Movie Review: The Search for Freedom

I generally find sportspeople are not well suited to explaining just what it is about their sport they love.
They try, but it always seems to boil down to unimaginative responses such as this gem from pro-snowboarder Annie Boulanger on why she’s so obsessed with boarding:
“It’s like breathing. Like the best breath you can take.”
Or the rockclimbing fraternity discussing the wonder that is hanging off a boulder:
“You’re part of the cliff.”
Really? Fascinating stuff guys, do go on.
They try, these elite athletes, they’re just not always very…expressive.

The Search for Freedom, from director Jon Long, is no exception.
There are plenty of mumbling surfers, rock climbers who can’t quite remember what the question was, and if I hear one more extreme athlete tell me they ‘just knew’ they wanted to be a pro paraskier at 8 years of age I will scream. Mostly out of jealousy.

But there is the occasional flash of real insight, where the interviewees finally manage to articulate exactly how it feels to bomb down a steep ski run, hitting perfect turns on a bluebird day with their favourite song blaring in their ears.
Or finally, finally conquer that giant wave.

If their words won’t convince you, the photography will. Every shot is slick, seamlessly edited and fully immersive.

The connection with nature, with the natural environment around you, is another huge part of this documentary, and another reason the lack of in-depth commentary didn’t bother me.

Watching 2 minutes of surfing or 5 minutes of skiing takes me to my happy place far more quickly than anyone mouthing off about it could do in half an hour. Long may overindulge in his sweeping panoramas and helicopter flyovers – I guess some people may find them a bit overdone – but the only time my attention wandered was when there was talking going on.

Luckily the director takes a light hand with their quotes, there are never more than a few minutes of exposition before its back to the action, something many sports documentaries fail to manage well.

The Search for Freedom starts off with a simply fascinating look at the historical background of the older sports such as surfing, mountain biking and skiing, with lots of footage to back it up, such as Warren Miller’s first feature film in 1949.


This is followed by a fantastic ye olde outtakes and accidents section that made me literally laugh out loud.

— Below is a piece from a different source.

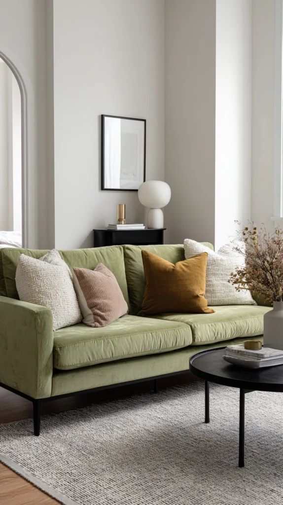 Style tip: Pair a sage green velvet sofa with cushions in warm neutral tones — terracotta, warm cream, and dusty rose — rather than in cooler blues or greys that can make the combination feel studied. The contrast between the cool sage and a single warm accent tone creates the most visually interesting and most liveable colour tension available within this palette.
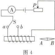 7. 如图4所示的电路,小磁针静止时,$A$端是

The footage then plunges you headfirst into a large range of extreme (or the extreme side of) sports such as surfing, more skiing and snowboarding, sailboarding, rock climbing, skateboarding and long boarding.
Interspersed with the brilliant cinematography are some charming background snippets from people like Warren Miller (again, skiing documentary director extraordinaire), Bob McKnight (a founder of Quiksilver), rock climber Ron Kauk, mountain-bike pioneer Gary Fisher, skateboarder Danny Way, snowboarders Annie Boulanger and Jeremy Jones.

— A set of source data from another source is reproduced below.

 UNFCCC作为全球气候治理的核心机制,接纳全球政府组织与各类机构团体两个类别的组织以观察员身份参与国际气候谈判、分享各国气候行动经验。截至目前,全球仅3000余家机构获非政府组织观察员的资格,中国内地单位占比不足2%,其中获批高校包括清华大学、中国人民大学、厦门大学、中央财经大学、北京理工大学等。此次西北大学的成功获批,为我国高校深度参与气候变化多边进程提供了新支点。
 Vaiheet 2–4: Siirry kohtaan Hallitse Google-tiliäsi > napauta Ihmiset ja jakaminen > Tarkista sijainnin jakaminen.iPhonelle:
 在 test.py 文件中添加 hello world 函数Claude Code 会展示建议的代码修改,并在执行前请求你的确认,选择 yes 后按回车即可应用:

Freedom is definitely the main theme of this documentary.
In fact, the whole movie should come with a warning:
Danger – may make you quit your job. If in midst of mid-life crisis Do Not Watch.

The accounts of how broke young surfers straight out of high school managed to make their way to the beach every day, meanwhile avoiding the dreaded office drone career path of their uncool parents, means that there are plenty of comments about stiffs in metal coffins driving to work.

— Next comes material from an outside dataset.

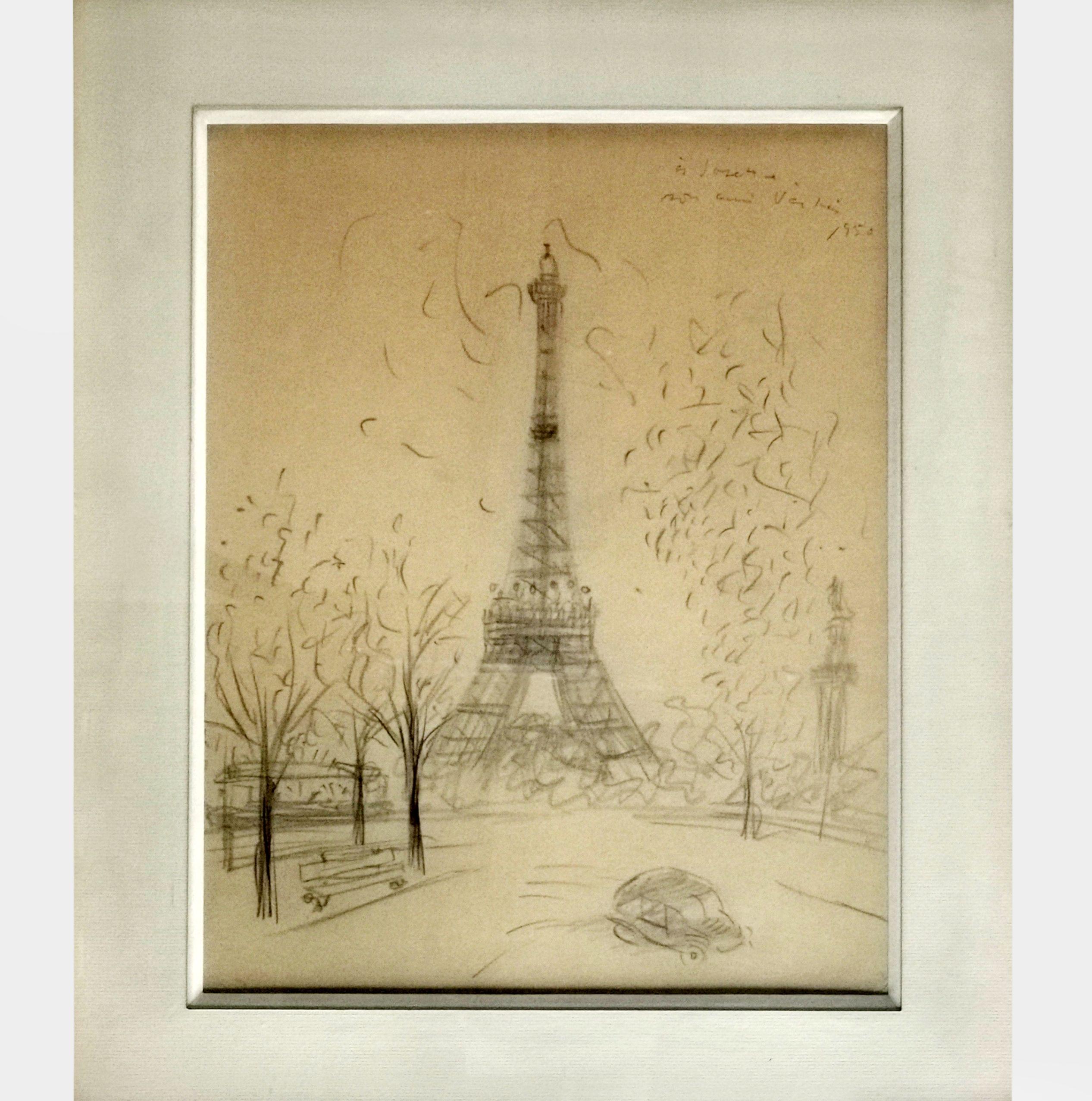 Tour Eiffel, crayon, signé, 42x33 cm

Or Glenn Singleman, a Sydney based emergency doctor/legendary BASE jumper and wingsuit flyer:
Daydreaming of a life free from office work and drudgery may be a trite and overused subject, but it’s still a siren call this middle aged responsible adult finds hard to resist.

Towards the final half hour the subject turns to The Fear.
Going outside your comfort zone, pushing your boundaries and learning something about yourself in the process.
climbing 2

It’s a timely reminder.

Starting with some cracking footage of mountain bike riders exploring the ‘made’ natural trails of backwoods Canada, tweaked to provide more thrills and spills than a skate park ever could, in the finale there is a stunning montage of chilling accidents that serve to remind us of the danger these athletes are in when they attempt to test the limits of their sport.152391825

Skiers tumbling half a kilometre down a snow filled crevasse, bouncing off rocks, surfers being swallowed whole by the giant maw of a 50 foot wave, cyclists pedalling furiously at empty air as they tumble inevitably towards the dirt track, their bikes spinning lazily behind them.
Long finishes his series of cautionary warnings with a shot of a free climber whose only back up plan is a parachute.
Guaranteed to make your palms sweat, this is no LOL fail video, but simply a reminder of the lengths to which some people are willing to go, to be freed from the limits of their minds and bodies.

The Search for Freedom has it’s best moments though, in it’s wonderfully dreamy and immersive cinematography, amazingly intimate action shots that somehow manage to echo such fleeting moments as being in the zone during a great downhill ski run.
That perfect moment where all the turns are effortless and flawless, you are in a complete state of flow, connected not only to your skis but the mountain as well.